- Developer: Sleepy Mill Studio
- Publisher: The Arcade Crew
- Platforms: Windows; Xbox Series X/S; Nintendo Switch; PlayStation 5;
- Release: 5 May 2025 Windows; 5 May 2025; Xbox Series X/S; 28 January 2026; Nintendo Switch, PlayStation 5; 21 April 2026;
- Mode: Single-player

= Drop Duchy =

2025 video game

Drop Duchy is a 2025 video game that blends roguelike deck-building and organisation puzzles into a hybrid Tetris-style PvE gameplay. It was developed by French game studio Sleepy Mill Studio and published by The Arcade Crew. The game was initially released on Steam on 5 May 2025. "Drop Duchy Complete Edition" later launched on Xbox Series X/S on 28 January 2026, debuting on Xbox Game Pass. Versions for Nintendo Switch and PlayStation 5 released on 21 April 2026.

== Gameplay ==

=== Playthrough ===
Drop Duchy is a single-player video game that combines roguelike deck-building and Tetris-style PvE gameplay. The player chooses a faction, each with unique mechanics, cards, and abilities, before starting a "run" or playthrough. Each run is divided into three acts of increasing difficulty, each act consisting of a mix of battles, trading posts, resource collection points, and other deck-building locations. At the end of each act, the player will face a unique boss. During a battle, the player must use their collected cards and the given terrain pieces in a Tetris style game. By finishing rows and strategically placing pieces, the player collects resources and can build a military, used to fight against the enemy in that round, which the player must also place pieces for. To develop more resources and defeat the enemy more easily, the player can upgrade their deck with new buildings and cards between rounds at various locations selected by the players route.
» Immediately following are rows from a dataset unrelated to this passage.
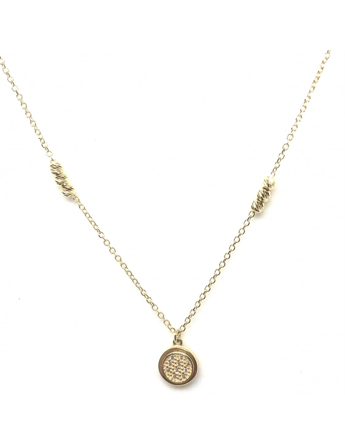 Χρυσό Κολιέ με Στρογγυλό Pavé Μοτίφ και Διακοσμητικές Χάντρες 9Κ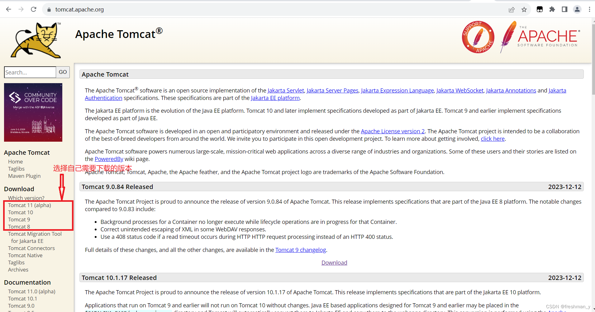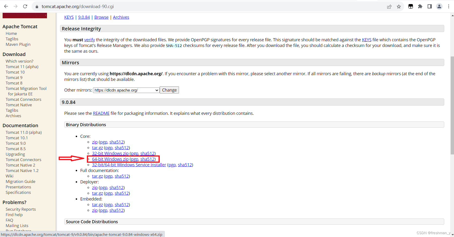 2、 这里以tomcat 9 为例,选择如下64-bit Windows.zip 进行下载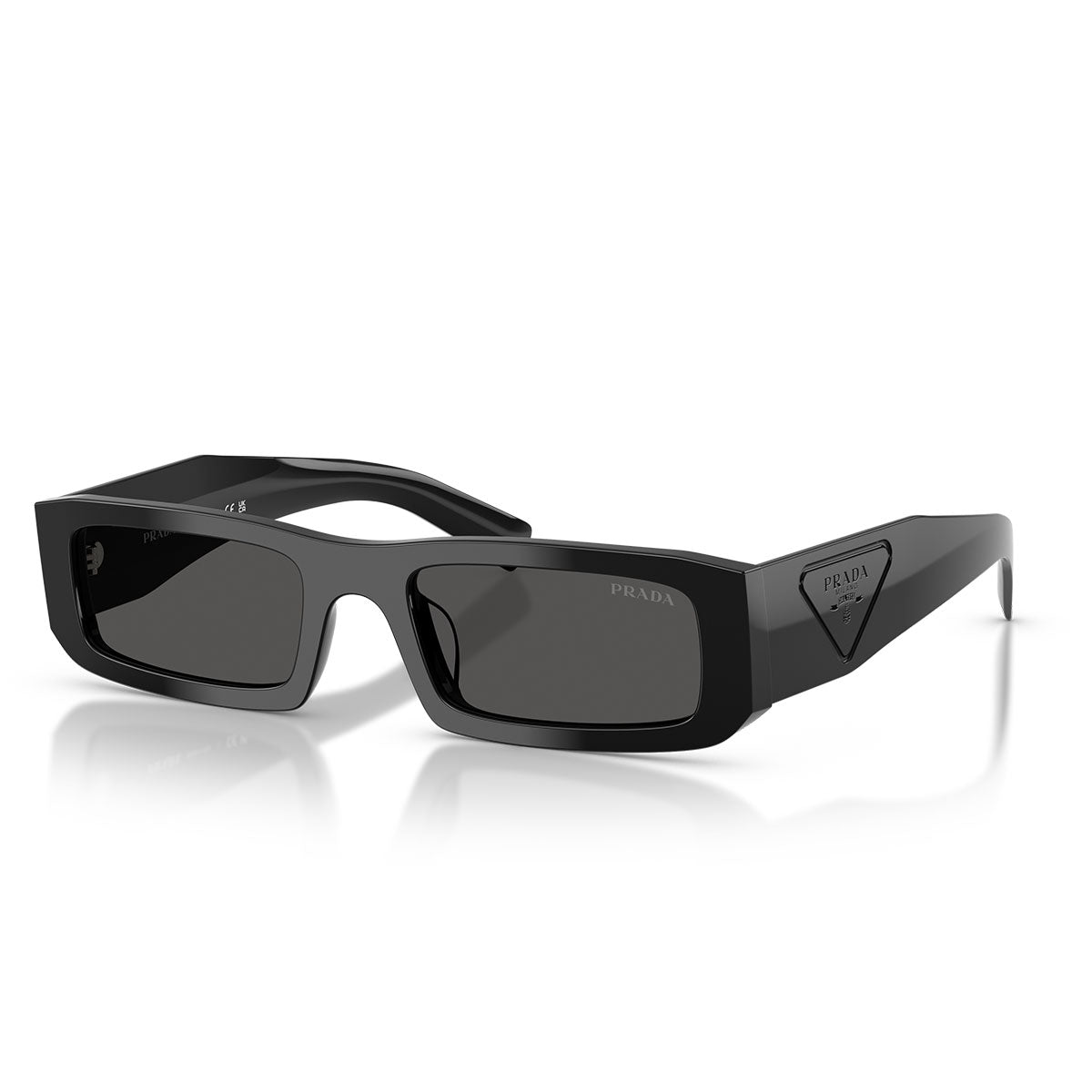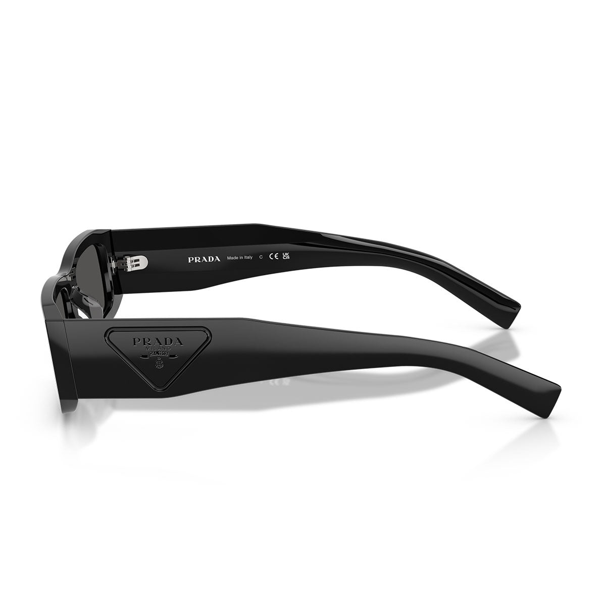 Die Bügel sind mit dem ikonischen dreieckigen Prada-Logo veredelt, präzise eingraviert und perfekt auf die Farbe des hochdichten Acetats abgestimmt, für einen raffinierten und wiedererkennbaren Look.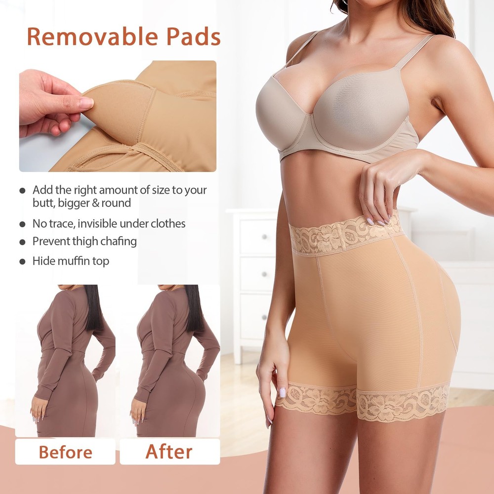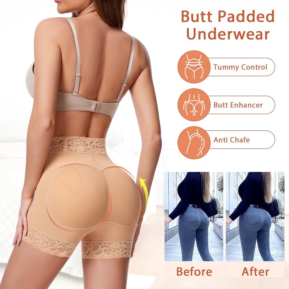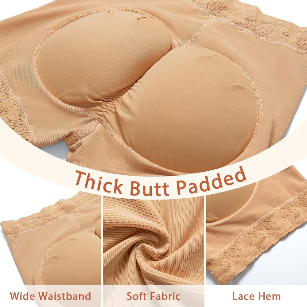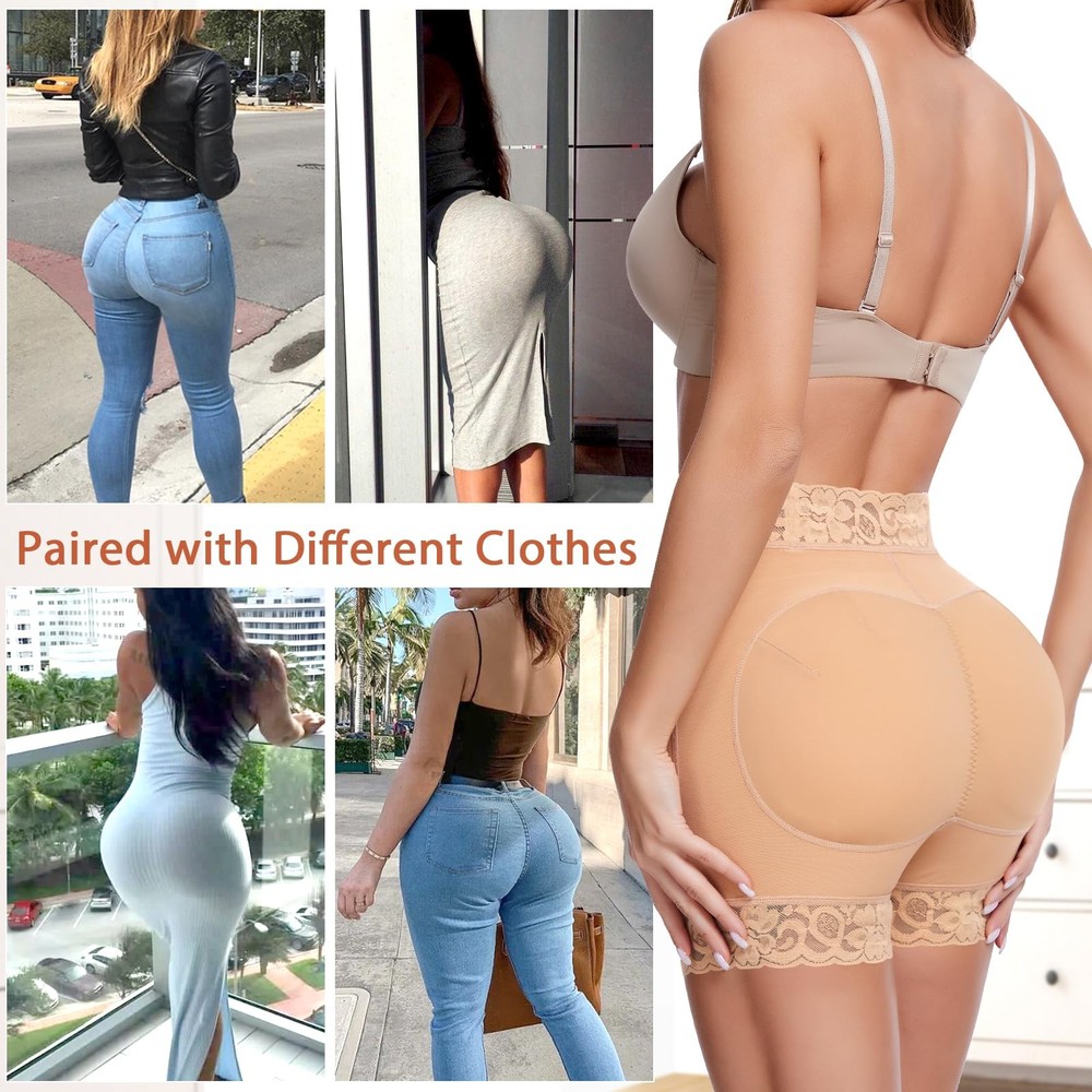 butt pads shapewear, padded underwear for women, butt lifter panties, butt lifting shapewear, butt pads for bigger butt, butt enhancer, shapewear with butt pads, fake butt, butt lifter, hip pads for women shapewear, butt pads for women, butt lifting underwear for women, booty panties, underwear with padded butt Padded Underwear for Women - The butt lifting underwear helps smooth the body and lifts the buttock's natural look instantly. Butt pads contours a plump, sexier and bigger butt. Butt pads shapewear flats the lower abdomen fat and prevents the butt pads from moving and giving you a charming and confident booty figure. Upgrade Buttock Pads for Women - The butt pads are detachable, fit inside individual pockets and stay firmly in place. The edge of hip pads are well stitching for keeping away from tearing apart. The upgrade butt pad are extra large and thick, creating a round & up, more plump buttock Lace Butt Lifting Shapewear Shorts - The boy shorts design prevents thigh inner chafing. With a wide waistband, lace trim and supportive stripes design, padded panties not only give you a beautiful and fashionable look but also avoid rolling and stay in the right place Comfortable Butt Enhancer Underwear - Our padded underwear is made of polyester & spandex, comfortable and breathable. Butt padded underwear for women provides a snug fit to your body that just feels like a second skin. Butt lifter panties is comfy to wear it all day Suitable for All Occasions - The padded panties butt enhancer gives you a subtle lifted look and fills in your slim-fitting slacks, but looks very normal. You can wear it on all occasions such as work, leisure, as well as formal occasions. TIPS: If you're in between sizes, please order one size UP for a more relaxed fit.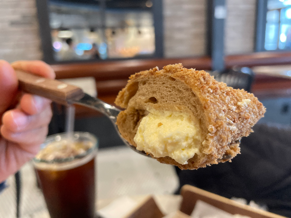 빵 외관의 가루는 크림으로 붙였는데 과하지 않았다.
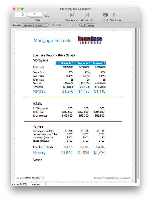 - Keep multiple versions of your mortgage estimates. Store as many records as you like, with three scenarios per record.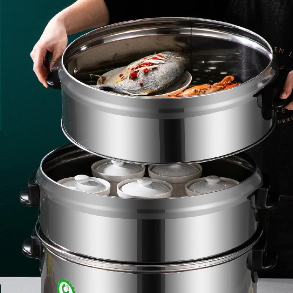 FYDZ Electric Steamer 3 Levels - Stainless Steel, Thermostat Control, Automatic Heating, Breakfast and More (47cm)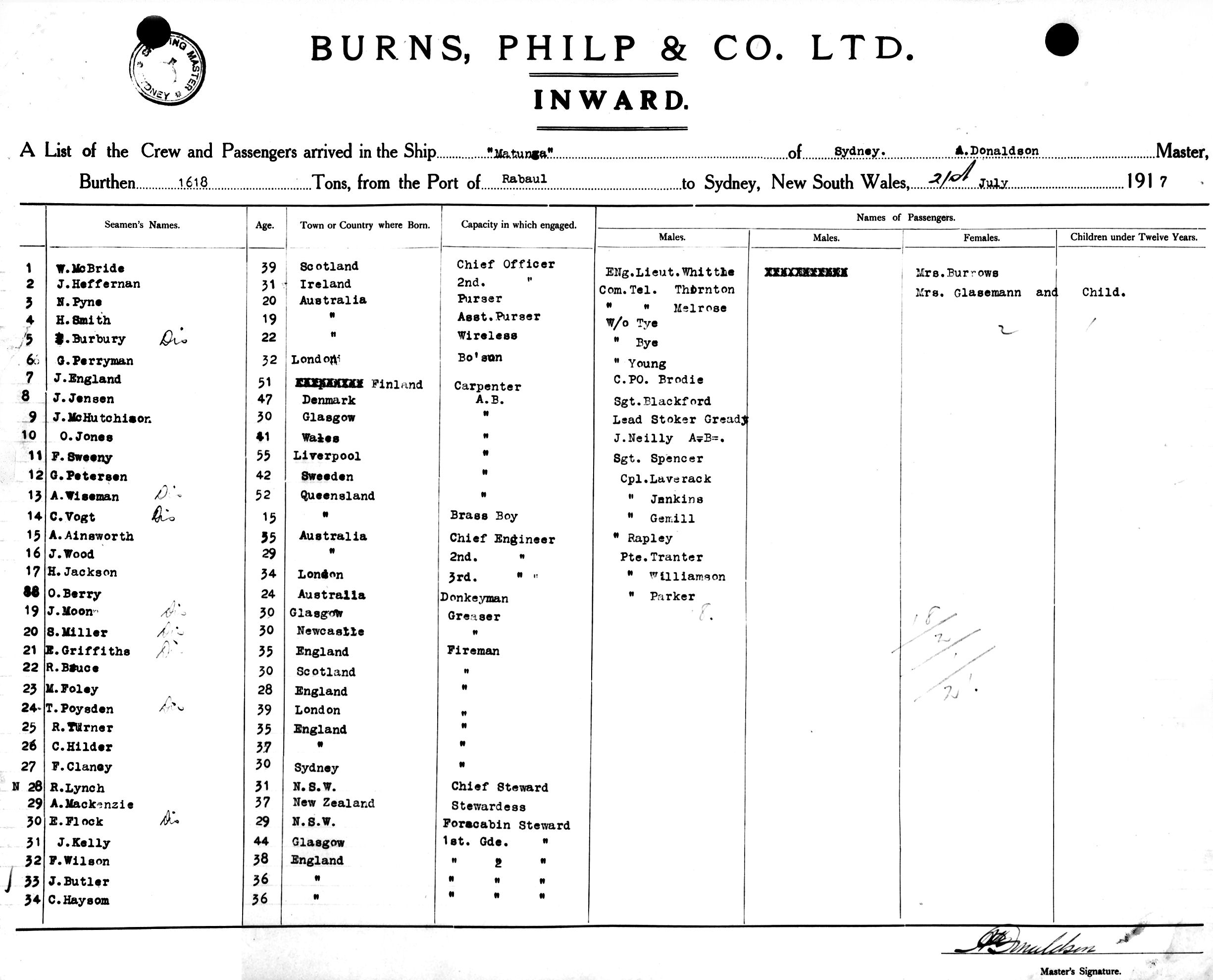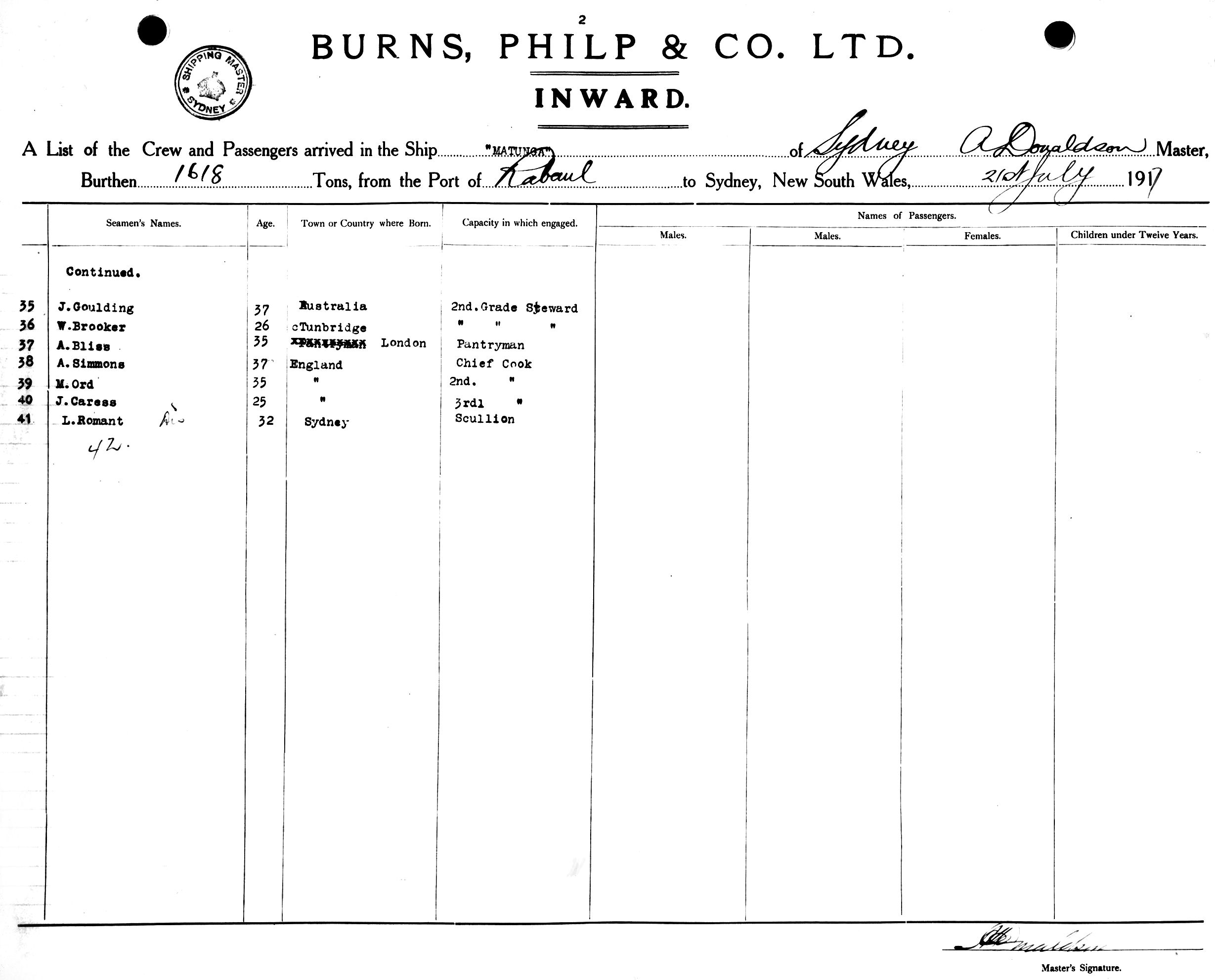 MATUNGAOF SYDNEY, A. DONALDSON, MASTER, BURTHEN 1618 TONS FROM THE PORT OF RABAUL TO SYDNEY, NEW SOUTH WALES, 21ST JULY 1917 |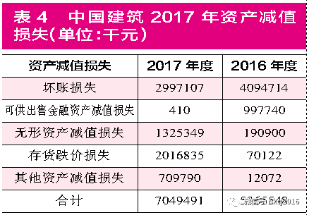 数据显示,中国建筑2017年的资产减值准备达到了185.35亿元,占净资产的比重达到9.27%,创下历史新高。同时,中国建筑2017年计提的资产减值损失达到了70.49亿元,占净资产的比重达到了3.5%。但笔者在仔细查阅财报附注的数据后发现,中国建筑的坏账损失在2017年是在减少的。(见表3、表4)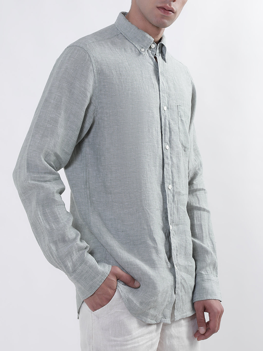 Regular Fit Long Sleeve Des: Solid Gant Embroidery At Chest Pocket Buttondown Collar Box Pleat With Locker Loop On Back Adjustable Cuffs Curved Hem Recycled Polyester Button Shoulder Yoke Fea: 100% Linen Linen Fabrication

==== Gameplay mechanics ====
Gameplay revolves around different shaped "blocks" that drop from the top of the screen to the bottom in a Tetris-like style. Each block is either a terrain piece or a building piece. There are various types of terrains, including forest, plains, and rivers. The buildings provide the player with either resources or military units. When the player completes a horizontal row or line, they "explore" the row. This provides them with the resources of the placed terrain in the row. For example, the player will receive some wood for every wood piece in the explored row. They continue placing the various shaped blocks until a block exceeds the 13 square tall playing area.

===== Buildings =====
There are various types of buildings, each with their own set of abilities and category. Two common building types are production buildings and military buildings. Production buildings will provide the player with resources, whereas military buildings will provide the player with military units to use in that battle. Often the position of the building determines how or whether the building functions, depending on the specific type of building it is. The player will also have to place enemy buildings, which will provide military for the enemy.

===== Military =====
There are three types of military units, archers, axemen, and swordsmen. Each are developed through specific buildings placed by the player. Throughout the round, the player aims to build a stronger military than their opponent. They develop their military by placing their own military buildings in a way which activates the building, therefore providing units. As the player must also place enemy military units, as the round progresses, they will also be developing (or aiming not to) their enemies military.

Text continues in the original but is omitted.